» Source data
- - -

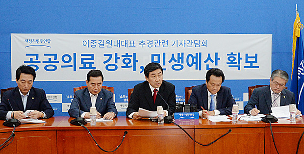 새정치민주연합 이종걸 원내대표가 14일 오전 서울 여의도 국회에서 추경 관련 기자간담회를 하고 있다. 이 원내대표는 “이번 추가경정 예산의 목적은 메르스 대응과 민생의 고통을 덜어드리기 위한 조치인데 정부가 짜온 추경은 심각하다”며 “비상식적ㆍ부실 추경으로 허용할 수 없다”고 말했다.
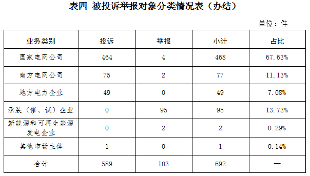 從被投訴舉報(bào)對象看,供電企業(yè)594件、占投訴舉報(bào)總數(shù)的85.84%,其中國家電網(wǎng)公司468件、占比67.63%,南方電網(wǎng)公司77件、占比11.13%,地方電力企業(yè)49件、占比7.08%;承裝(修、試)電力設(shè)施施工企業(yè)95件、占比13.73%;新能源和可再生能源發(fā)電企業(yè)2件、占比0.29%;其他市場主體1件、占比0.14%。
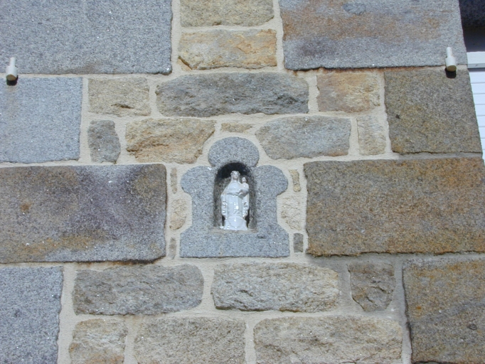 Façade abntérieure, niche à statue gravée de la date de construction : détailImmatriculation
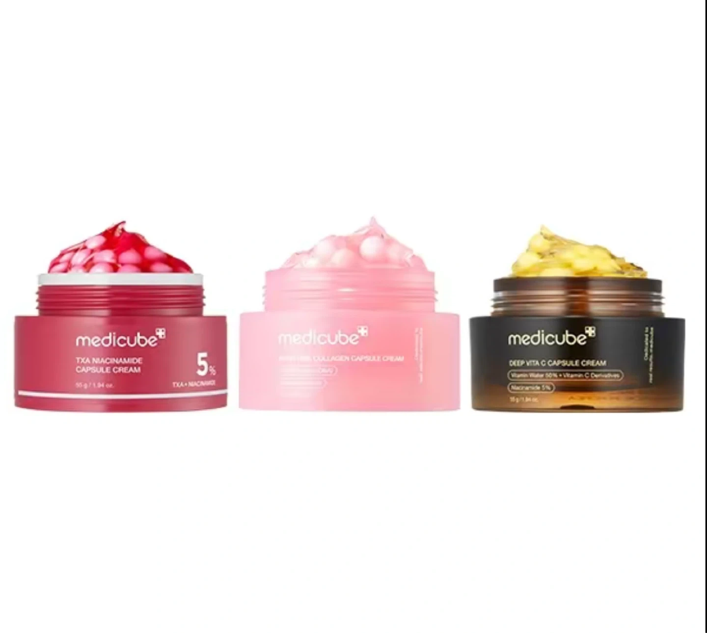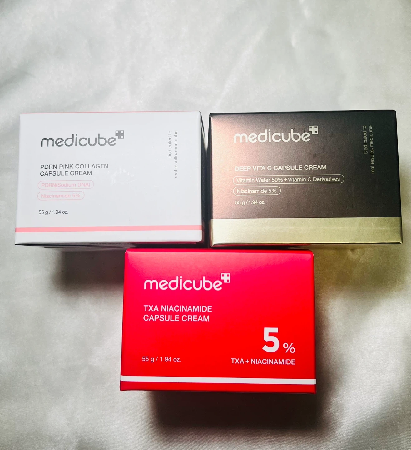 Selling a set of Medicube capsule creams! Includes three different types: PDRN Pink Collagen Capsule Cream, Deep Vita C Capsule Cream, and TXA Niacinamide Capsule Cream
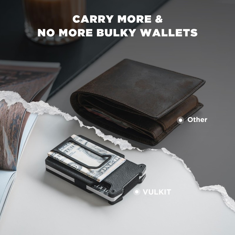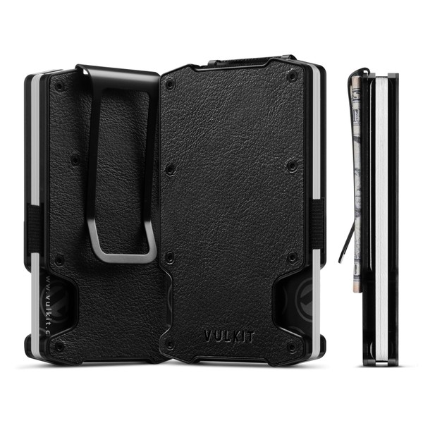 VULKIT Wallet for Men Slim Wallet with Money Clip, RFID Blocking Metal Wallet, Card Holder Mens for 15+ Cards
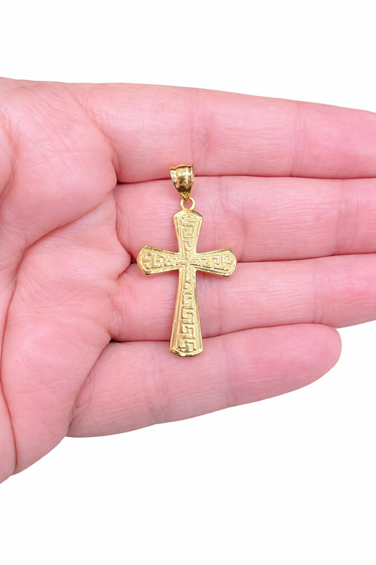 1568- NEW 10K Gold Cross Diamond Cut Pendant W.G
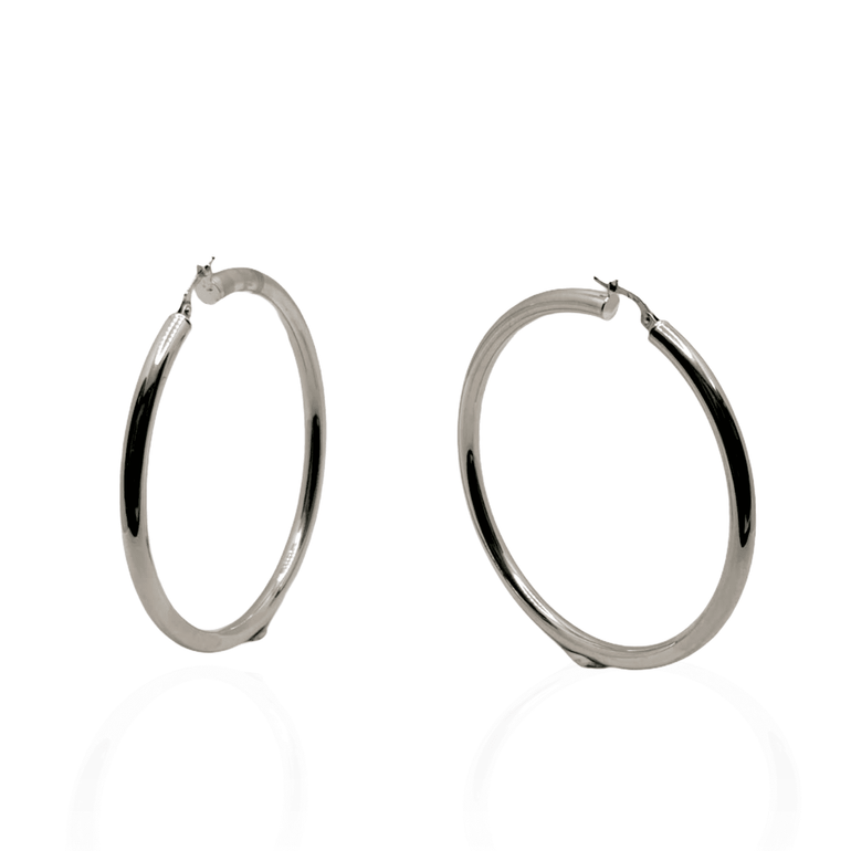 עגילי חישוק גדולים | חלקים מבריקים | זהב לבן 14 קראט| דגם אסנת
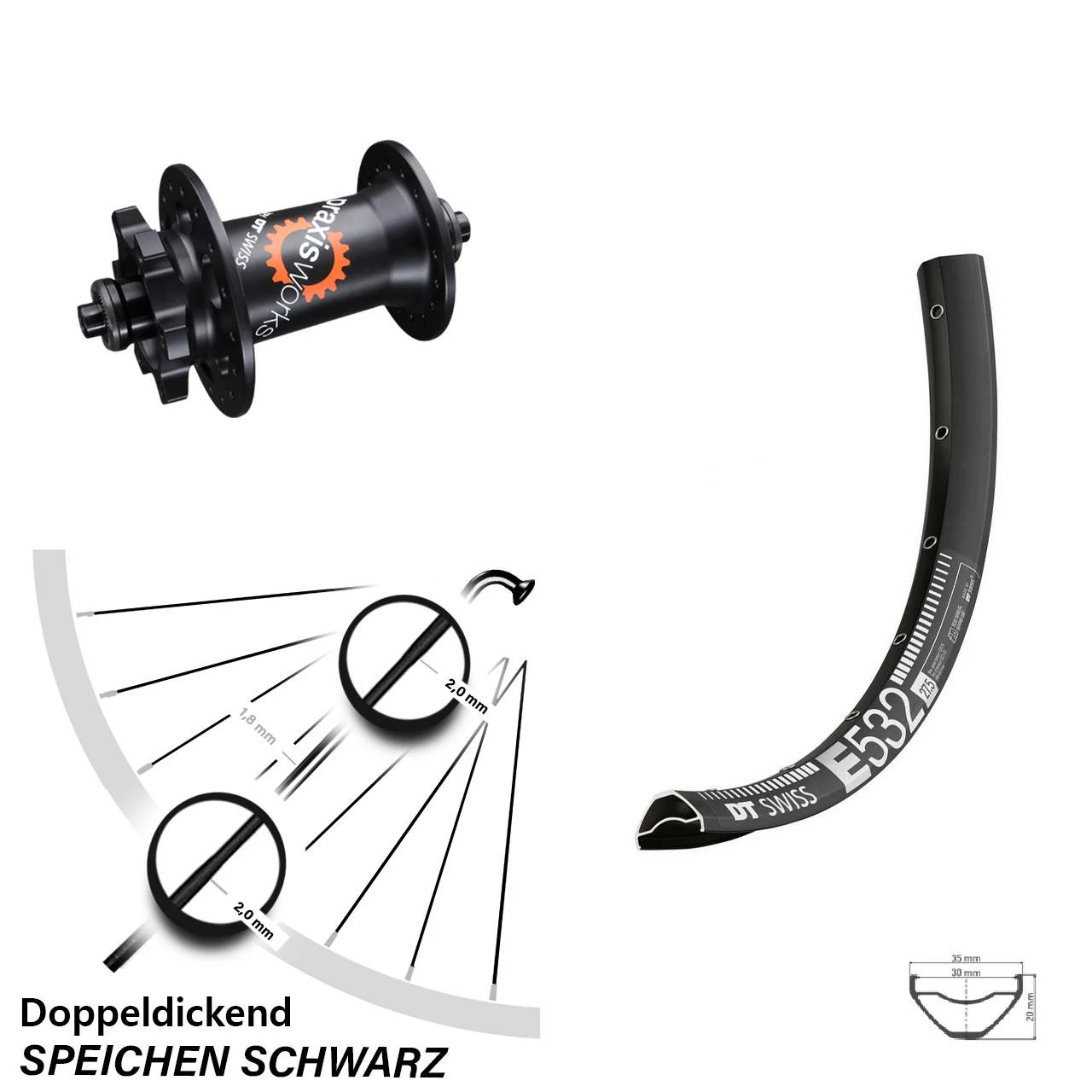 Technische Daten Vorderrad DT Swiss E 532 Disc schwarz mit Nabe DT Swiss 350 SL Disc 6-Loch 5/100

- - -

» Exercise prompt
Beginning with the line that contains "עגילי חישוק גדולים", repeat every remaining line of the data exactly, the last line included, and omit pictures.

» Answer space
 עגילי חישוק גדולים | חלקים מבריקים | זהב לבן 14 קראט| דגם אסנת
 Technische Daten Vorderrad DT Swiss E 532 Disc schwarz mit Nabe DT Swiss 350 SL Disc 6-Loch 5/100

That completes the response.